ERM contribuisce ad aumentare il valore dell'azienda? Parte II
McShane et al. wrote this article in 2011 after the financial crisis of 2008. Do the findings of this research mean that organisations should not try to implement ERM?
The findings of this research seem to identify a positive correlation between the increased value of a firm and the implementation of a more sophisticated TRM - which correspond to ERM degree 1,2,3 - but when firms seem to be given the S&P ERM rating of respectively 4 ( = strong) and 5 ( = excellent) degrees, it seems that ERM implementation does not contribute to an increase in firm value, it seems it makes no significant difference in performance results. However, this does not mean that companies should not implement ERM. instead, ERM is getting more and more crucial.

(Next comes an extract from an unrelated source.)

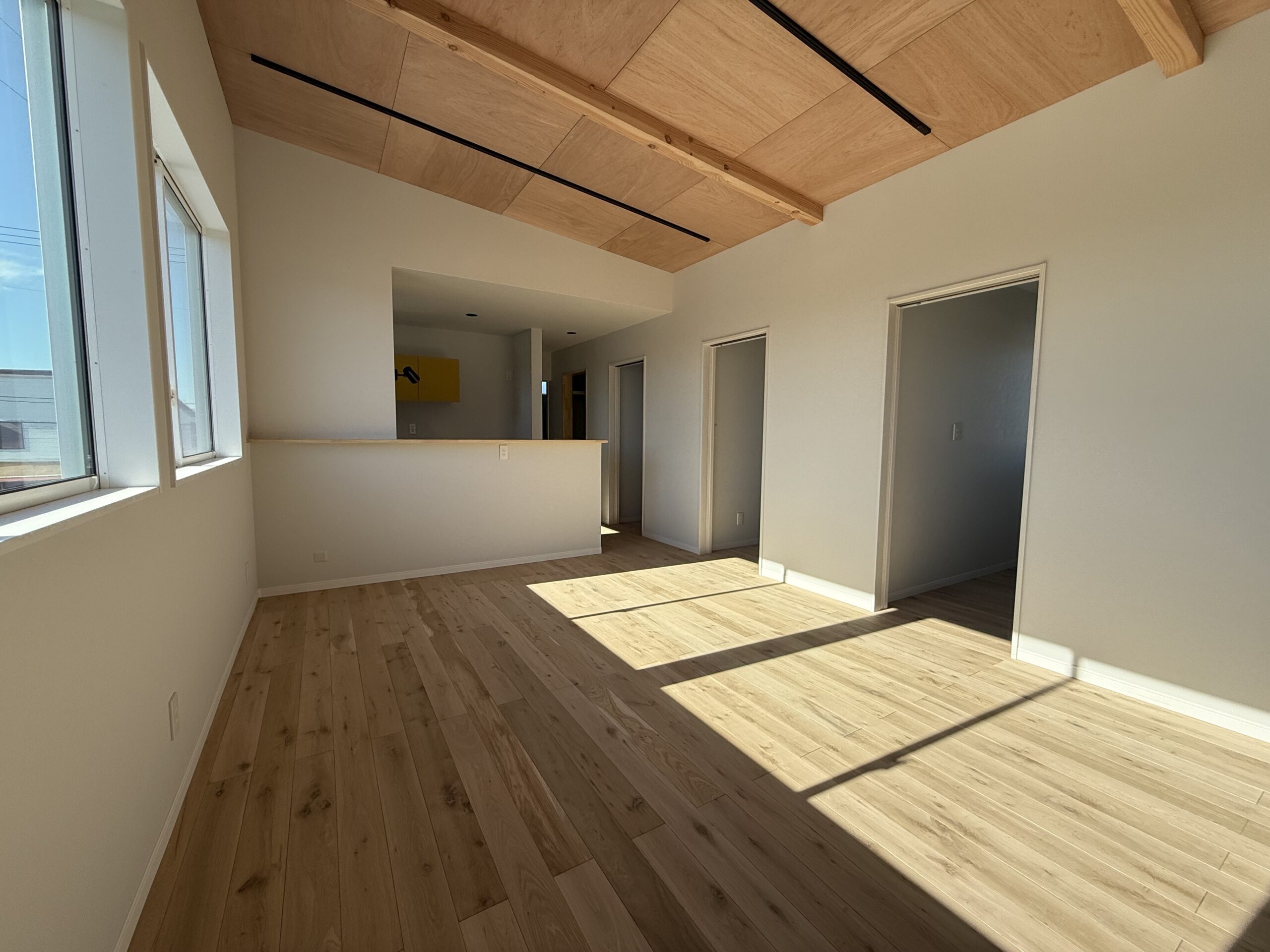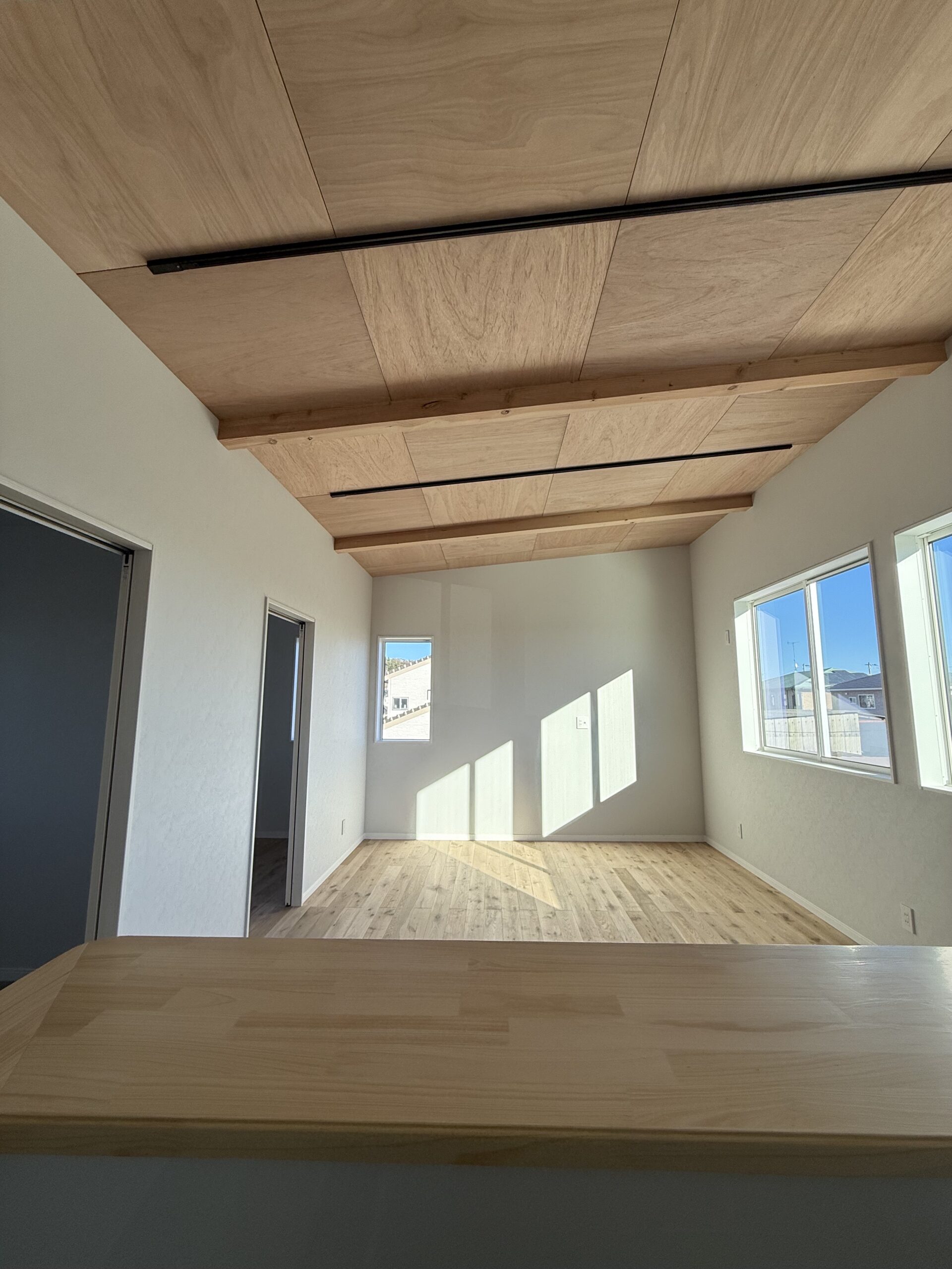 2階の居住部分は、勾配天井のLDKが家族の気配を感じやすい開放的な空間を演出し、オークの無垢材が日々の暮らしに安らぎを与えます。

Firsto of all, the worldwide economic scenario is getting too complex to rely on TRM only and a more systematic approach to risk management is necessary.
Secondly, research on ERM is still too little and controversial. The authors state it is necessary to wait a few more years - when S&P starts to apply the ERM rating to nonfinancial firms too - and get more ERM data available so as to enlarge the firm sample to other industry sectors and carry out further research in the field, as it is not even possible to generalize the results outside the insurance industry.
Thirdly, it is necessary to question every aspect of ERM, whether the relationship between ERM and firm value is stable and true in the long term, whether ERM advantages will disappear over a period of time once all companies have adopted it, whether S&P ERM construct is reliable itself, whether S&P evaluation of firm ERM is reliable, whether firm ERM capabilities change over time together with the rating, whether ERM stops firm growth and why.
Last but not least, the authors insist on the importance of investigating the source of firm value in order to understand how much of this value can be attributable to ERM implementation.